Spark SQL - 从 sql 函数生成数组数组 [英] Spark SQL - Generate array of arrays from the sql function

查看:101
本文介绍了Spark SQL - 从 sql 函数生成数组数组的处理方法,对大家解决问题具有一定的参考价值,需要的朋友们下面随着小编来一起学习吧!

问题描述

我想创建一个数组数组.这是我的数据表:

I want to create an array of arrays. This is my data table:

// A case class for our sample table
case class Testing(name: String, age: Int, salary: Int)

// Create an RDD with some data
val x = sc.parallelize(Array(
    Testing(null, 21, 905),
    Testing("Noelia", 26, 1130),
    Testing("Pilar", 52,  1890),
    Testing("Roberto", 31, 1450)
 ))

// Convert RDD to a DataFrame 
val df = sqlContext.createDataFrame(x) 

// For SQL usage we need to register the table
df.registerTempTable("df")

我想创建一个整数列年龄"的数组.为此,我使用collect_list":

I want to create an array of integer column "age". For that I use "collect_list":

sqlContext.sql("SELECT collect_list(age) as age from df").show

但现在我想生成一个包含如上创建的多个数组的数组:

But now I want to generate an array containing multiple arrays as created above:

 sqlContext.sql("SELECT collect_list(collect_list(age), collect_list(salary)) as arrayInt from df").show

但这不起作用,或者使用函数 org.apache.spark.sql.functions.array.有什么想法吗?

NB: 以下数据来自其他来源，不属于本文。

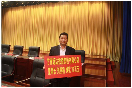 2013年9月11日由甘肅省委統(tǒng)戰(zhàn)部、省工商聯(lián)、省光彩會共同組織主辦的 “同心·光彩隴原行禮縣活動”在甘肅禮縣舉行。甘肅省副省長、省工商聯(lián)主席郝遠(yuǎn)出席此次活動。甘肅遠(yuǎn)達(dá)投資集團(tuán)副總裁宋佩新代表集團(tuán)董事長劉羽桐向禮縣貧困地區(qū)捐款76萬元。
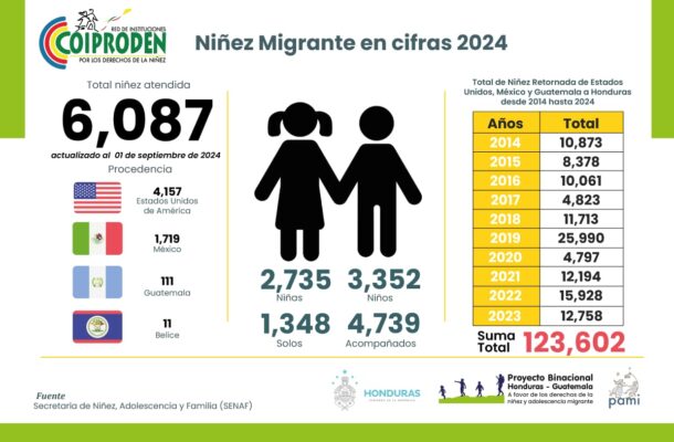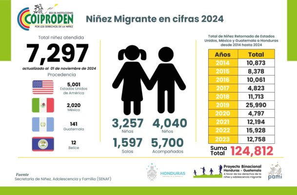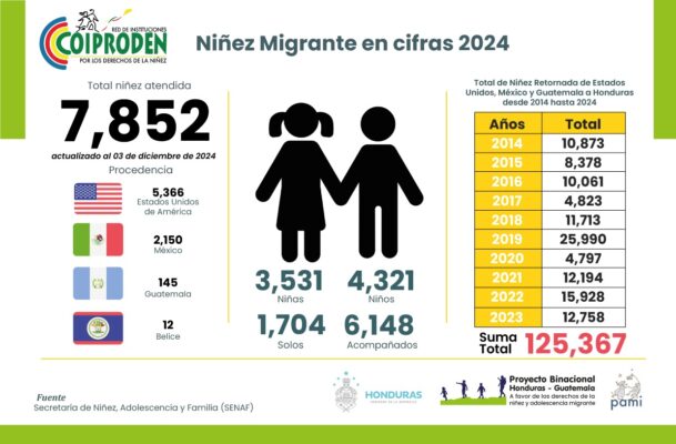 Desde el año 2014 hasta el 3 de diciembre de 2024 unas 125,367 niñas, niños adolescentes y jóvenes han sido retornados a Honduras

But this does not work , or use the function org.apache.spark.sql.functions.array. Any ideas?

推荐答案

好吧,事情再简单不过了.让我们考虑您正在处理的相同数据,然后从那里一步一步地进行

Ok, things can't get more simple. Let's consider the same data you are working on and go step by step from there

// A case class for our sample table
case class Testing(name: String, age: Int, salary: Int)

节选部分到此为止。